2026-01-22 Papers

1/2

Paper 1

Advances and Frontiers of LLM-based Issue Resolution in Software Engineering: A Comprehensive Survey

Published: 2026-01-15

Link: http://arxiv.org/pdf/2601.11655

1. 📘 Topic and Domain: The paper surveys LLM-based issue resolution in software engineering, focusing on how AI agents automatically resolve GitHub issues by generating code patches.

2. 💡 Previous Research and New Ideas: The paper builds on SWE-bench benchmarks that revealed repository-level coding as profoundly difficult for LLMs, and proposes the first comprehensive survey organizing 175 papers into a structured taxonomy of data, methods, and analysis.

3. ❓ Problem: The paper addresses the fragmented literature on issue resolution, as existing surveys focus only on code generation while failing to cover the more complex challenge of navigating multi-file repositories to resolve real-world software issues.

4. 🛠️ Methods: The authors conducted a systematic literature review using citation tracking and snowballing, establishing a classification framework covering data construction (collection/synthesis), training-free methods (frameworks/modules), and training-based methods (SFT/RL).

5. 📊 Results and Evaluation: The paper presents comprehensive statistics showing state-of-the-art models achieving up to 73.4% resolution rate on benchmarks, with trends indicating smaller models (7B-32B) can match larger baselines when optimized with domain-specific rewards and proper scaffolding.

Advances and Frontiers of LLM-based Issue Resolution in Software Engineering: A Comprehensive Survey

1/2

Paper 2

Aligning Agentic World Models via Knowledgeable Experience Learning

Published: 2026-01-19

Link: http://arxiv.org/pdf/2601.13247

1. 📘 Topic and Domain: The paper focuses on aligning Large Language Model (LLM)-based embodied agents with physical world dynamics through experiential learning in the domain of embodied AI and world modeling.

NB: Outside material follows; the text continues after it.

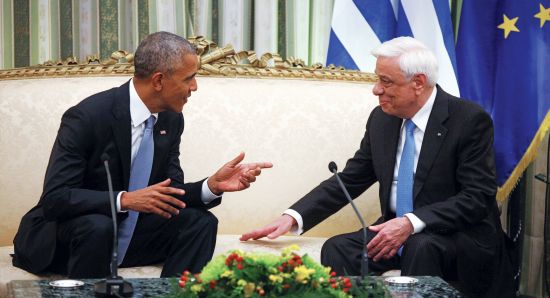 O Πρ. Παυλόπουλος υποδέχθηκε τον Μπαράκ Ομπάμα στην είσοδο του Προεδρικού και τον συνόδευσε στην αίθουσα «Βυζαντινό», όπου βρίσκονταν οι 130 προσκεκλημένοι. Ο Μπαράκ Ομπάμα στην αντιφώνησή του ευχαρίστησε για τη ζεστή φιλοξενία των Ελλήνων που, όπως ανέφερε, «δεν αποτελεί έκπληξη», εκφράζοντας την υποστήριξη των ΗΠΑ στην προσπάθεια των Ελλήνων να οδηγήσουν τη χώρα τους μπροστά, υποσχόμενος ότι στον αγώνα αυτόν οι ΗΠΑ θα βρίσκονται σταθερά στο πλευρό της Ελλάδας και έκλεισε λέγοντας στα ελληνικά «στην υγειά σας».

2. 💡 Previous Research and New Ideas: Building on existing world models and LLM agents that struggle with physical grounding, the paper proposes WorldMind, a training-free framework that constructs a symbolic World Knowledge Repository through Process Experience (from prediction errors) and Goal Experience (from successful trajectories).

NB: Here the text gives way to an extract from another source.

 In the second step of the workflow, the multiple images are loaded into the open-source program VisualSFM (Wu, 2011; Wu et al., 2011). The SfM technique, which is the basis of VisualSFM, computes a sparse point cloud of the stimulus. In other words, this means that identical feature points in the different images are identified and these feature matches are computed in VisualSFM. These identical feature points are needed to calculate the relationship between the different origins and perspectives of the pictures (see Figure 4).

3. ❓ Problem: The paper addresses the critical disconnect between LLMs' semantic knowledge and physical grounding, where agents generate plans that are logically coherent but physically unexecutable (physical hallucinations).

4. 🛠️ Methods: WorldMind employs a Predict-Act-Verify loop to collect Process Experience through state abstraction, judgment, and self-reflection when predictions fail, while distilling Goal Experience from successful trajectories to guide future planning.

5. 📊 Results and Evaluation: On EB-ALFRED and EB-Habitat benchmarks, WorldMind achieves superior performance (48-50.8% success rate) compared to baselines, with remarkable cross-model transferability and reduced physical hallucinations across diverse task categories.

Aligning Agentic World Models via Knowledgeable Experience Learning

1/2

Paper 3

RubricHub: A Comprehensive and Highly Discriminative Rubric Dataset via Automated Coarse-to-Fine Generation

Published: 2026-01-13

Link: http://arxiv.org/pdf/2601.08430

1. 📘 Topic and Domain: The paper focuses on automated rubric generation for evaluating open-ended language model outputs across multiple domains including medical, science, writing, instruction following, and chat.

2. 💡 Previous Research and New Ideas: Building on existing rubric-based evaluation methods and LLM-as-a-Judge paradigms, the paper proposes a novel Coarse-to-Fine Rubric Generation framework that synergizes principle-guided synthesis, multi-model aggregation, and difficulty evolution to create highly discriminative evaluation criteria.

3. ❓ Problem: The paper addresses the lack of ground truth in open-ended generation tasks and the limitations of existing rubric-based methods, including manual creation bottlenecks, narrow domain coverage, and low discriminability leading to supervision ceiling effects.

4. 🛠️ Methods: The authors employ a three-stage automated framework: (1) response-grounded and principle-guided generation, (2) multi-model aggregation to reduce bias, and (3) difficulty evolution to enhance discriminability, followed by rubric-based rejection sampling fine-tuning (RuFT) and reinforcement learning (RuRL).

5. 📊 Results and Evaluation: The resulting RubricHub dataset (~110k samples) enables Qwen3-14B to achieve state-of-the-art performance on HealthBench (69.3), surpassing GPT-5 (67.2), with consistent improvements across five evaluation domains demonstrating the framework's effectiveness in unlocking model potential.